Nadie respondió. Pero en el interior del coche, por primera vez en horas, reinaba una pequeña certeza:

juntos, aún podían resistir.

En cuestión de minutos, las primeras farolas apagadas de la ciudad comenzaron a recortarse en el horizonte. Ya estaban en las afueras. Había movimiento. Bastante gente por la calle. Algunos caminaban con mochilas, otros ayudaban a levantar cosas del suelo, algunos simplemente se abrazaban o lloraban.

Bruno observaba por el parabrisas con el ceño fruncido. Había confusión, sí, pero también una especie de organización espontánea. Personas ayudando a otras. Voluntades cruzándose.

Por un segundo, sintió algo parecido a la esperanza. ¿Qué estaba pasando realmente? ¿Por qué el caos traía también tanta humanidad?
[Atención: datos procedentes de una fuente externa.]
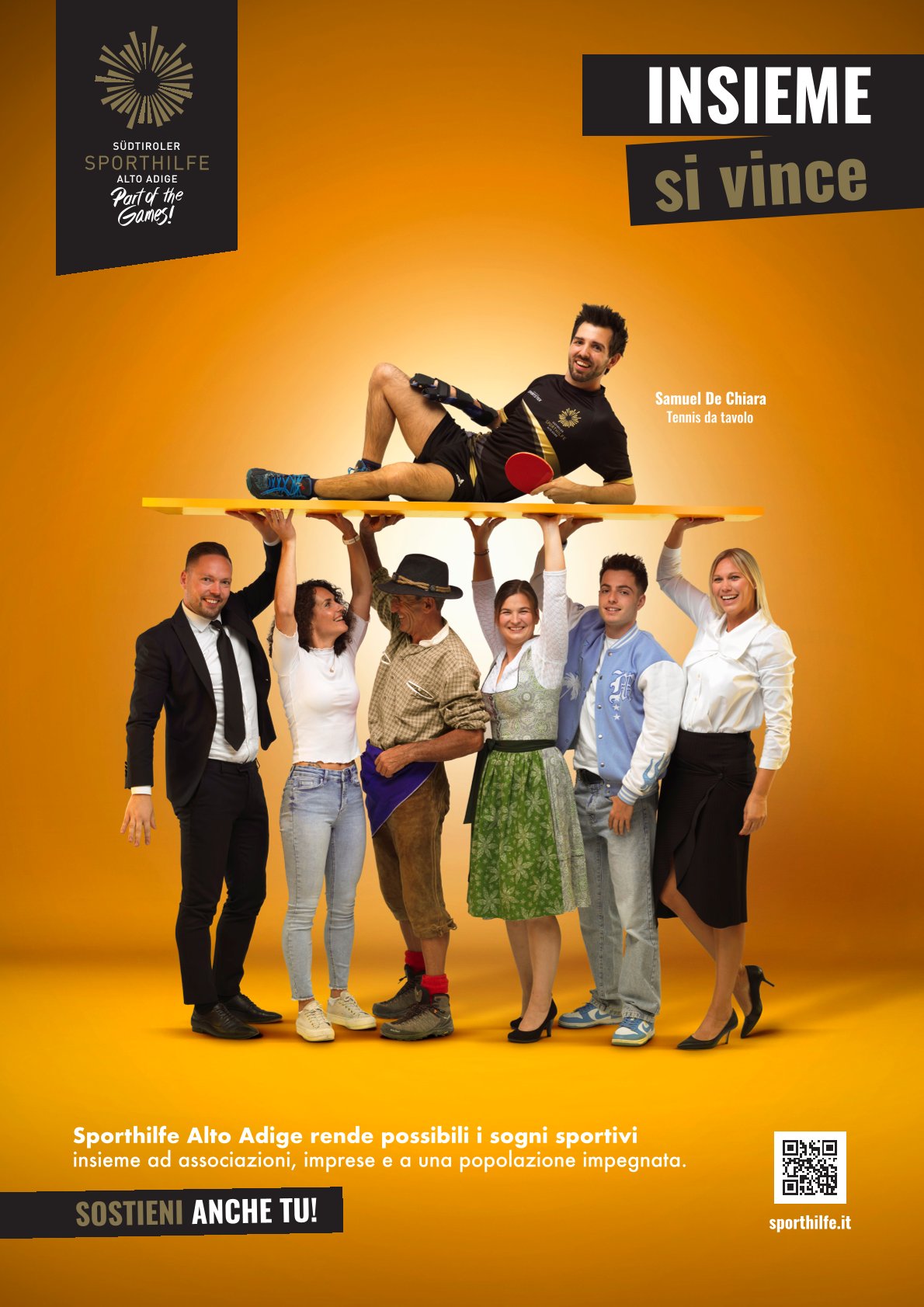 Questo sostegno arriva dalle associazioni sportive, dalle famiglie, dai vicini, dagli amici. Lo sport deve essere sostenuto da tutti – solo così l’Alto Adige potrà continuare a essere terra di sport e formare nuovi campioni. Ed è proprio questo che la campagna vuole rendere visibile: ex atleti, aziende, sportivi amatoriali e persone impegnate portano letteralmente gli atleti sulle proprie spalle. Perché: solo insieme si vince.

Pero no podía detenerse. No ahora. Miró a Anna, su respiración cada vez más pesada.

—Vamos al hospital —dijo en voz alta—. No podemos perder más tiempo.

Mientras conducía, sus pensamientos se amontonaban. Sentía rabia. Miedo. Frustración. Todo por ese maldito forcejeo, ese hombre que intentó robarle, esa herida que ahora le robaba tiempo a lo único que quería: proteger a su familia y encontrar a sus padres.
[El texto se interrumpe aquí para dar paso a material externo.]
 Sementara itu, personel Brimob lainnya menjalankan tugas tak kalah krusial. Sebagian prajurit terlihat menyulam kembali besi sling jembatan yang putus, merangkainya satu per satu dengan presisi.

Había perdido un tiempo precioso. Pero no pensaba perderla a ella.

El coche giró por la avenida principal. El hospital apareció frente a ellos, silueta gris y monolítica contra el cielo aún oscuro.

Frenó en seco frente a la entrada. Saltó del asiento y gritó con todas sus fuerzas:

—¡¿HAY ALGÚN MÉDICO AQUÍ?! ¡¡MI MUJER SE ESTÁ MURIENDO!!

La puerta del hospital estaba abierta. Entró corriendo.

El vestíbulo estaba lleno... pero no de médicos. No de enfermeras. No de esperanza.

Eran saqueadores. Hombres y mujeres con mochilas llenas de medicamentos, vendas, todo lo que pudieran agarrar. Algunos ni lo necesitaban, solo actuaban por miedo.

—¡¿UN MÉDICO?! ¡POR FAVOR! —gritó Bruno, desesperado, la voz rota.

Un hombre, con una caja de medicamentos en las manos, se giró. Tenía la barba desordenada, los ojos cansados. Lo miró sin compasión, pero tampoco con maldad.

—Aquí ya no hay médicos, amigo —dijo, con una calma que dolía—. Solo caos.